Repeat exactly the lines of the material below that run from the "上海靜安蘋果新店開業,迎來了" line to the "Wiederim Wasser erreiche" line, including both, and do not carry over any pictures.

====== Extracted entries

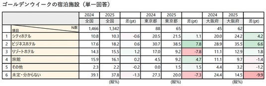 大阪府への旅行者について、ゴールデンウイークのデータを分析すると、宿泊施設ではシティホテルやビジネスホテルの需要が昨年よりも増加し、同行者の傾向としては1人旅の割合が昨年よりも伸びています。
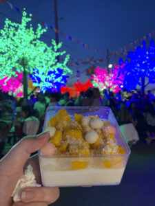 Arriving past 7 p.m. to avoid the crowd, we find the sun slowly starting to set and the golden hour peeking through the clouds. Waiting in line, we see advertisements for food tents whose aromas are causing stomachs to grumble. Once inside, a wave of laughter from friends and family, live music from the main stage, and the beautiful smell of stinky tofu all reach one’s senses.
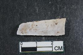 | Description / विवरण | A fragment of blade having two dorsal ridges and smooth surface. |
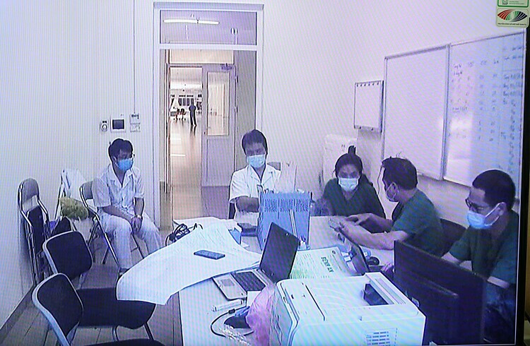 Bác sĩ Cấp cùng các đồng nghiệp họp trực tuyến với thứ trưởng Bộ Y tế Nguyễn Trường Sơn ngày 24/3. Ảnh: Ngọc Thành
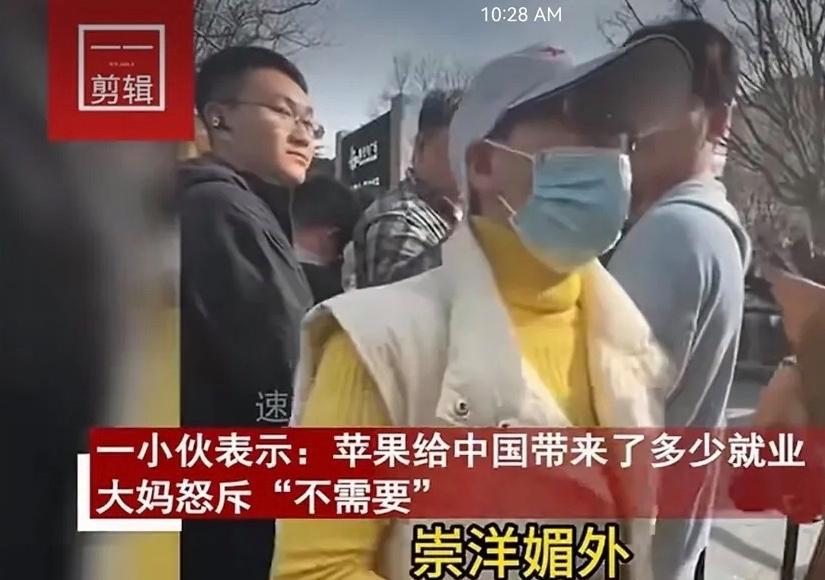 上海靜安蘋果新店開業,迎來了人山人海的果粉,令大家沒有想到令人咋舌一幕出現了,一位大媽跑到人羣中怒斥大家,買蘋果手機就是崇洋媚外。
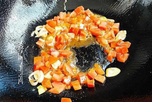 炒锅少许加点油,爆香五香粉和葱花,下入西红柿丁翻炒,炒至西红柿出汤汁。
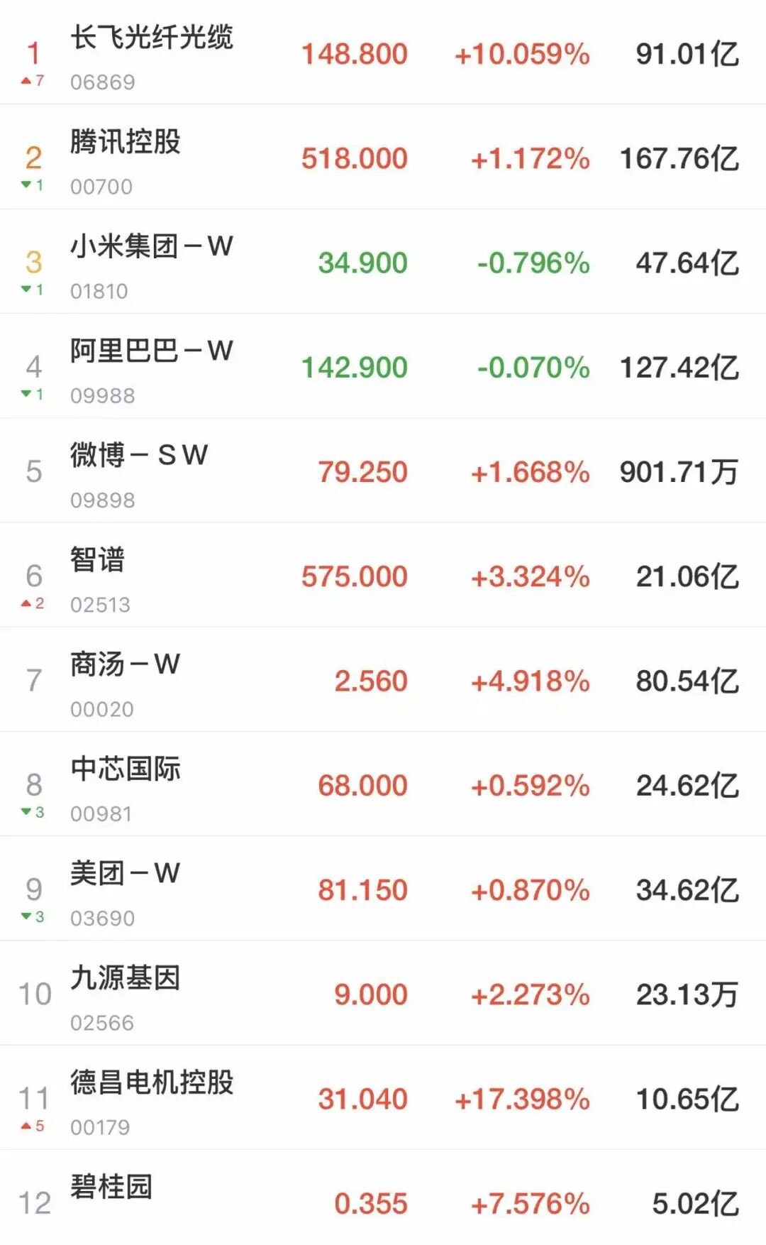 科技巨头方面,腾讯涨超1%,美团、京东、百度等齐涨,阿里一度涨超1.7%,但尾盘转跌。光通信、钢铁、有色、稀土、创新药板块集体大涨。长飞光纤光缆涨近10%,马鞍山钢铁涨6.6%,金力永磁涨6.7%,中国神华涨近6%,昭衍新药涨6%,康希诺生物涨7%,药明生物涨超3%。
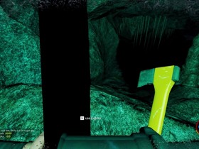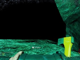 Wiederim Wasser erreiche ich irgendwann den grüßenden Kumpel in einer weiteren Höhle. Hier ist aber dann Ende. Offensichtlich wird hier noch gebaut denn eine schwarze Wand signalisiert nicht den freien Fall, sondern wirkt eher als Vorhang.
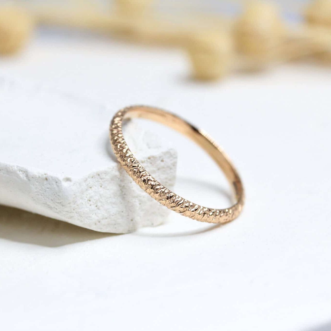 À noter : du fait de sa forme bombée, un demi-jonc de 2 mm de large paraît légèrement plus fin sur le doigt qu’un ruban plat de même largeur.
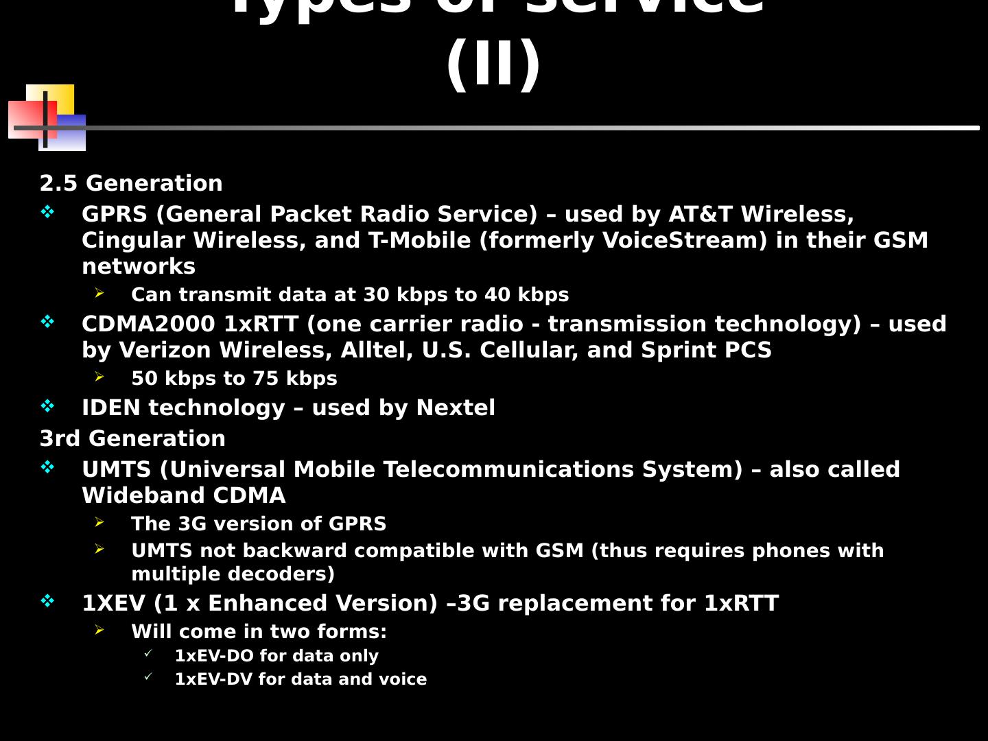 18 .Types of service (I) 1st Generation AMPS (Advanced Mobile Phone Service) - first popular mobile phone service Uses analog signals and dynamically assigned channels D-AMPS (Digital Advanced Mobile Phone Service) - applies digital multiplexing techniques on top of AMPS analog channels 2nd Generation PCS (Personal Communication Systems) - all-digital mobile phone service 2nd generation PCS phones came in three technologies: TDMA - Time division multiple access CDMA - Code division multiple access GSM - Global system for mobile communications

============
====== Extracted entries

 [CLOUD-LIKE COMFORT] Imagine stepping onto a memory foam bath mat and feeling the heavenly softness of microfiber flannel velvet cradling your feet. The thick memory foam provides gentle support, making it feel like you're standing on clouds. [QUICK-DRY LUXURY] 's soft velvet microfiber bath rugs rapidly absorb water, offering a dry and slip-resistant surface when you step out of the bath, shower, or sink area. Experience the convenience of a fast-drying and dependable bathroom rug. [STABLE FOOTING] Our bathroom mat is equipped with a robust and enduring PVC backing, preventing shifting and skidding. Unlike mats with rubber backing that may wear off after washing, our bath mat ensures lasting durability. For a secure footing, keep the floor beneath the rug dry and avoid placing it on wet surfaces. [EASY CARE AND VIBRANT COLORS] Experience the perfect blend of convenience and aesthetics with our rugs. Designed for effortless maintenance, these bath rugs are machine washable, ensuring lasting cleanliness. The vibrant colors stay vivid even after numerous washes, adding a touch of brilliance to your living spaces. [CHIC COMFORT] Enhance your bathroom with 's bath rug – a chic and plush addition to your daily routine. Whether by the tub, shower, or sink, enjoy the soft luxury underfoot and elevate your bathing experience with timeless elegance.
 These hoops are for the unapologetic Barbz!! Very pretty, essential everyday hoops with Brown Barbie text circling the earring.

============

Exercise output:
 上海靜安蘋果新店開業,迎來了人山人海的果粉,令大家沒有想到令人咋舌一幕出現了,一位大媽跑到人羣中怒斥大家,買蘋果手機就是崇洋媚外。
 炒锅少许加点油,爆香五香粉和葱花,下入西红柿丁翻炒,炒至西红柿出汤汁。
 科技巨头方面,腾讯涨超1%,美团、京东、百度等齐涨,阿里一度涨超1.7%,但尾盘转跌。光通信、钢铁、有色、稀土、创新药板块集体大涨。长飞光纤光缆涨近10%,马鞍山钢铁涨6.6%,金力永磁涨6.7%,中国神华涨近6%,昭衍新药涨6%,康希诺生物涨7%,药明生物涨超3%。
 Wiederim Wasser erreiche ich irgendwann den grüßenden Kumpel in einer weiteren Höhle. Hier ist aber dann Ende. Offensichtlich wird hier noch gebaut denn eine schwarze Wand signalisiert nicht den freien Fall, sondern wirkt eher als Vorhang.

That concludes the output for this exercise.